Combat in Fallen Order, is fast and fun. When I mentioned Sekiro earlier, part of that was me thinking about how the combat works. I already mentioned parries, but it’s also worth repeating that both you and most of your human(oid) enemies will have meters denoting how much 'guard' they have. If an enemy’s guard breaks, you’ll be free to deal a lethal attack to them – though if you’re surrounded, it could spell a death sentence to you too. It's not completely inventive, but it's snappy and smooth all the same. Using the Force during combat will drain some of your Force meter, which includes dealing strong attacks and/or using your other force powers to interrupt/slow an opponent. Naturally, you have your attack button mapped to X/Square depending on your platform of choice.

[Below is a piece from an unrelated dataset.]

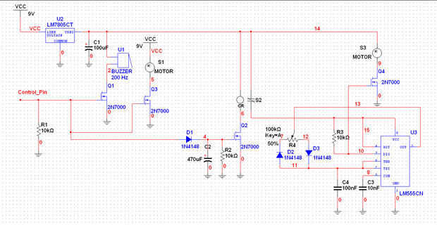 Aquí uso 9V fuente de alimentación para el sistema entero. U2 y C1 cambio de 9V a 5V. Cuando el pin de control es alto (el transmisor está encendido), Q1 se activa el zumbador para hacer sonar el sonido. Al mismo tiempo, Q3 activa S1 motor (el motor de 12VDC) para empujar el rotulador para dibujar puntos y líneas en la tira de papel.

Skills, and the way that you earn skill points is perhaps the most direct comparison to Sekiro out of anything else in the game. Fallen Order takes the Dark Souls 'bonfire' approach to progression through the game world, where you save at pre-determined points, though choosing to replenish your health/healing items will also respawn any of the enemies that you had faced earlier. Much like in Sekiro, defeating enemies awards experience – and by the time the bar fills up, you’ll receive a skill point to freely upgrade Cal’s abilities. Naturally, some of these abilities will be unavailable for the start and slowly added in as the game continues and you're able to unlock new abilities to experiment with. Dying in Fallen Order will cause you to lose any of your experience that wasn’t already turned into a skill point.

Needless to say – I had an absolute blast playing Fallen Order in the time I had. Assuming the quality doesn’t dip later on in the story, Respawn and EA absolutely have something great with the developer's first project within the Star Wars IP. I didn’t expect the game to interest me this much going in, but I’m always glad to come away from a preview absolutely shocked and surprised at how enjoyable a game is. Here’s hoping the rest of the game matches the quality of what I played, when it releases on November 15th.

Disclosure: We managed to play several hours of the game a few days ago, thanks to EA covering accomadations for a press event for the game.